Antibodies to erythropoietin are associated with erythropoietin resistance in hemodialysis patients in KwaZulu-Natal (South Africa)

Abstract

Recombinant human erythropoietin (rHuEPO) is a glycoprotein and biological equivalent to the endogenous compound administered to treat anemia of end-stage renal disease patients. Resistance to rHuEPO has been reported, whereby patients require higher and higher doses of rHuEPO to maintain an adequate hemoglobin level. In this study, assessment of native and administered erythropoietin (EPO), antibody and hemoglobin levels was carried out on a sample of patients with renal failure on hemodialysis (HD). This is a randomized controlled trial where consecutive subjects attending HD units at Addington Hospital and King Edward Hospital, Durban (South Africa) were included until the target number was reached.
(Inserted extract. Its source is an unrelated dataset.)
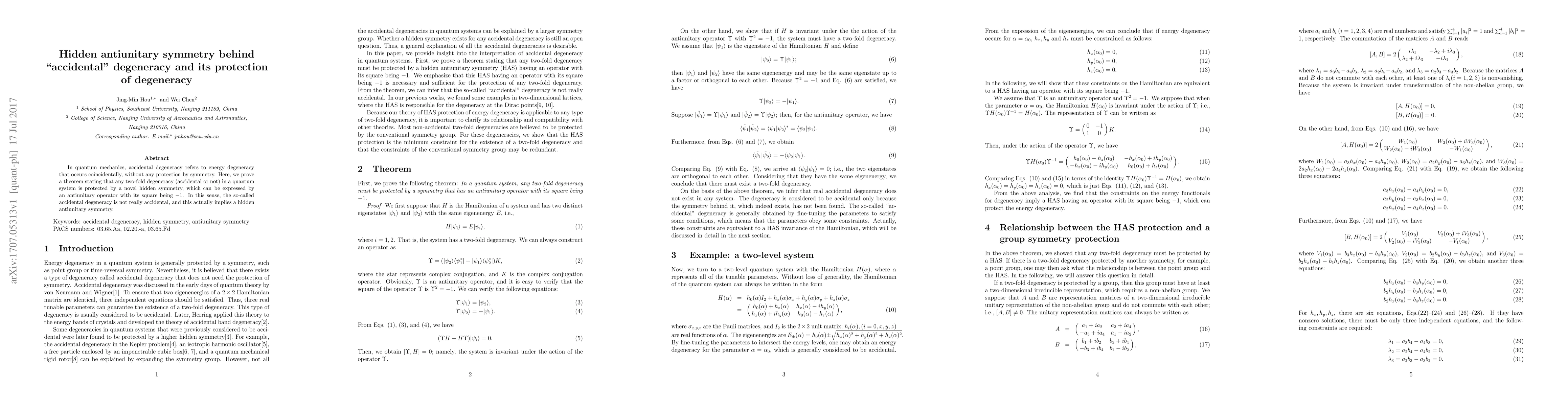 This paper demonstrates that any two-fold degeneracy in quantum systems, termed "accidental," is actually protected by a hidden antiunitary symmetry, challenging the notion that such degeneracies occur without symmetry protection. This finding reveals a fundamental underlying symmetry in quantum mechanics.
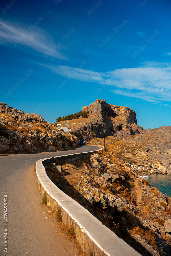 Rock with the Lindo Acropolis in St. Paul's Bay in Rhodes.

Forty patients with renal failure on HD and receiving recombinant EPO Beta (Recormon) for treatment of anemia via the subcutaneous route in weekly doses of 2000 IU, 4000 IU, 6000 IU, 8000 IU, 12,000 IU, or 18,000 IU according to the severity of the anemia were included after obtaining informed consent. Also included in the study were 10 HD patients not on rHuEPO therapy and 10 healthy individuals from the Durban University of Technology, recruited as described above to form the control group. ELISA was used to measure serum levels of EPO as well as antibodies to EPO. Results were analyzed by descriptive, inferential methods and by logistic regression analysis using IBM SPSS Statistics for Windows version 22.0. Antibodies to EPO were found in almost all patients who were receiving EPO. The highest levels of antibody to EPO were found to be associated with patients receiving the highest weekly dose of EPO (18,000 IU). Logistic regression analysis also revealed that serum levels of EPO, gender or age were not associated with any significant variation of serum antibody level. High levels of serum antibodies to EPO are a risk factor for EPO resistance.